WORK ORDER: Of the entries below, repeat exactly only those lines from the one containing "通常のECサイトはその先のお" through the last line, with pictures omitted.

==============================

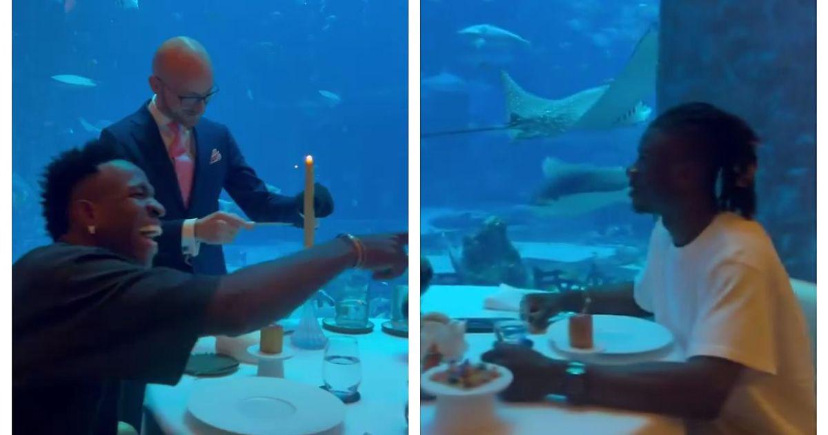 Красиво жить не запретишь: Винисиус и Камавинга устроили ужин внутри огромного аквариума и съели блюдо из горящей свечи
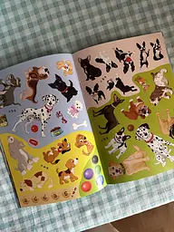 Класна книжечка, щоб розважити малюка. Малюнки яскраві, наліпки з різними песиками, можна ще і породи вивчати поки гратись. Поки що беру ці книжки про запас, коштують копійки, але дуже гарна якість друку та паперу.
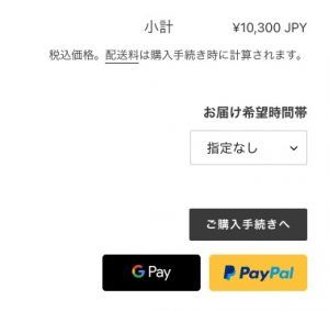通常のECサイトはその先のお届け指定などの箇所で選択すると思いますが、Shopifyの通常のプランで入力項目を追加できるのはショッピングカート画面のみです。
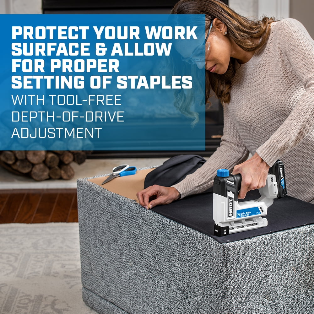 Easily drive staples to eliminate user fatigue Integrated knob control for quick depth of drive adjustments Accepts 1/4-9/16 staples Ideal for upholstery, insulation, floor underlayment, screen porch & chicken wire Limited 3-year warranty
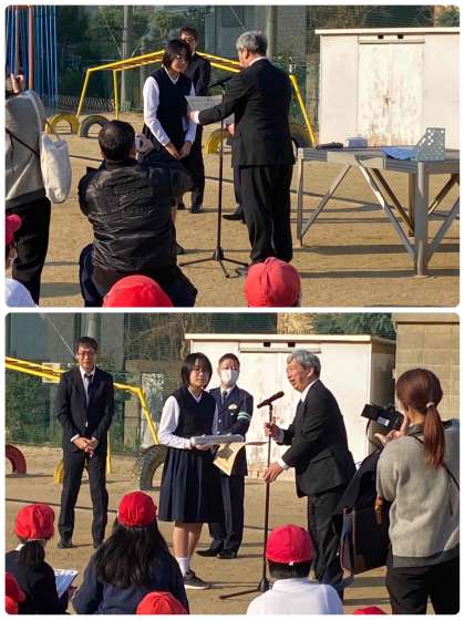 学校に表彰状が届いたので、令和5年度交通安全ファミリー作文コンクールで警察庁交通局長賞を受賞された児童を、表彰しました。
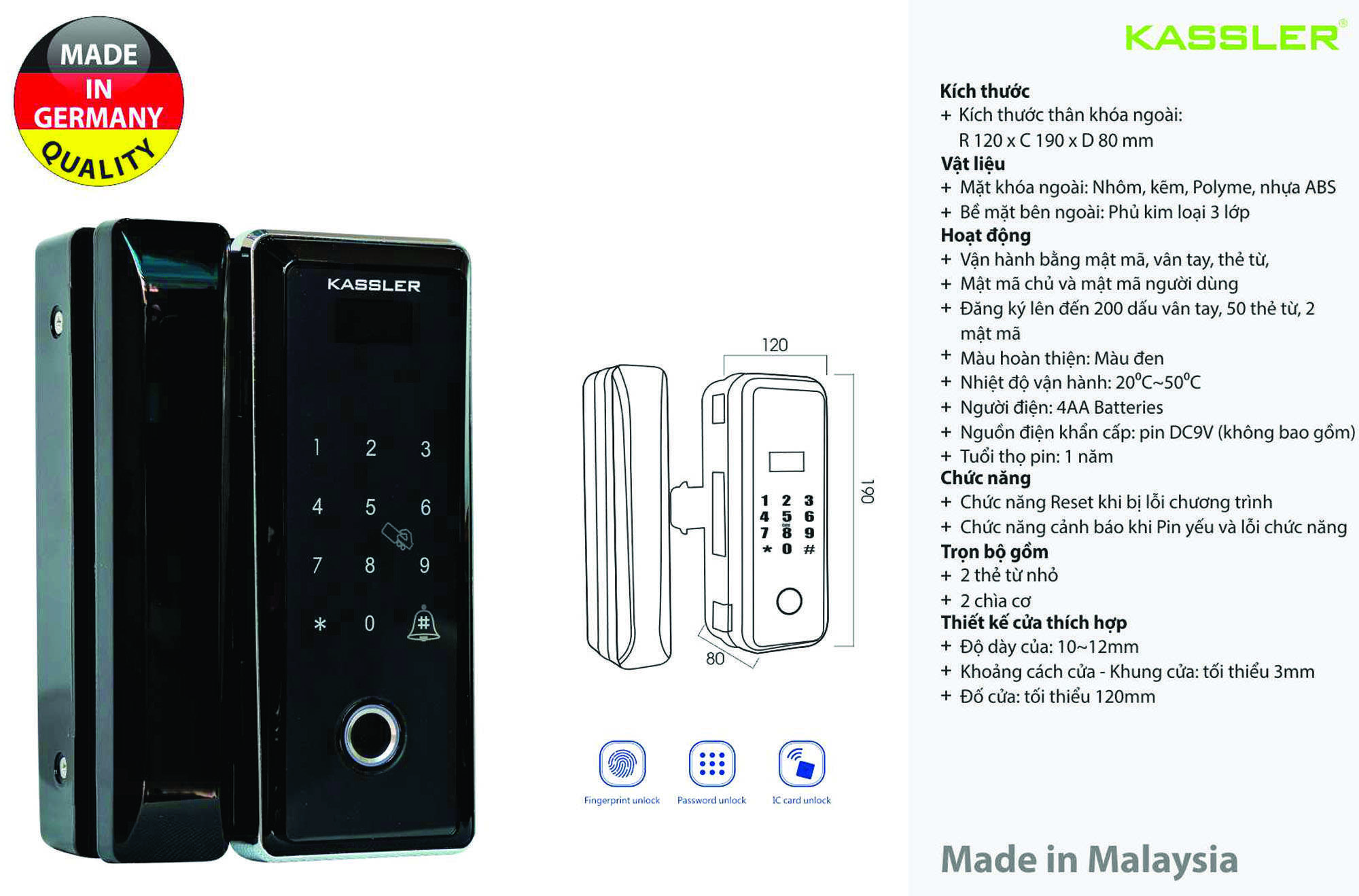 Đặc tính sản phẩm của khóa vân tay Kassler KL-858
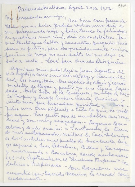 [Carta] 1952 ago. 30, Palma de Mallorca, [España] [a] [Gabriela Mistral] [manuscrito] Isauro de los Andes.
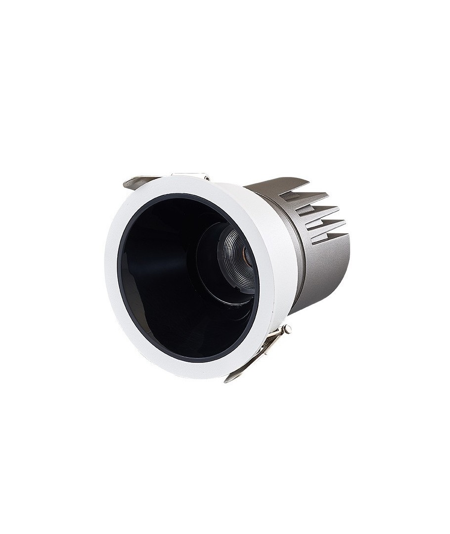 Den har et moderne og diskré design med svart reflektor og hvit kant som gir en stilren finish til ethvert rom. Med dimensjoner på Ø84 mm i diameter og en hul størrelse på Ø75 mm, passer den perfekt til de fleste tak- og vegginstallasjoner.

==============================

RESULT FOR THIS TASK:
通常のECサイトはその先のお届け指定などの箇所で選択すると思いますが、Shopifyの通常のプランで入力項目を追加できるのはショッピングカート画面のみです。
 Easily drive staples to eliminate user fatigue Integrated knob control for quick depth of drive adjustments Accepts 1/4-9/16 staples Ideal for upholstery, insulation, floor underlayment, screen porch & chicken wire Limited 3-year warranty
 学校に表彰状が届いたので、令和5年度交通安全ファミリー作文コンクールで警察庁交通局長賞を受賞された児童を、表彰しました。
 Đặc tính sản phẩm của khóa vân tay Kassler KL-858
 [Carta] 1952 ago. 30, Palma de Mallorca, [España] [a] [Gabriela Mistral] [manuscrito] Isauro de los Andes.
 Den har et moderne og diskré design med svart reflektor og hvit kant som gir en stilren finish til ethvert rom. Med dimensjoner på Ø84 mm i diameter og en hul størrelse på Ø75 mm, passer den perfekt til de fleste tak- og vegginstallasjoner.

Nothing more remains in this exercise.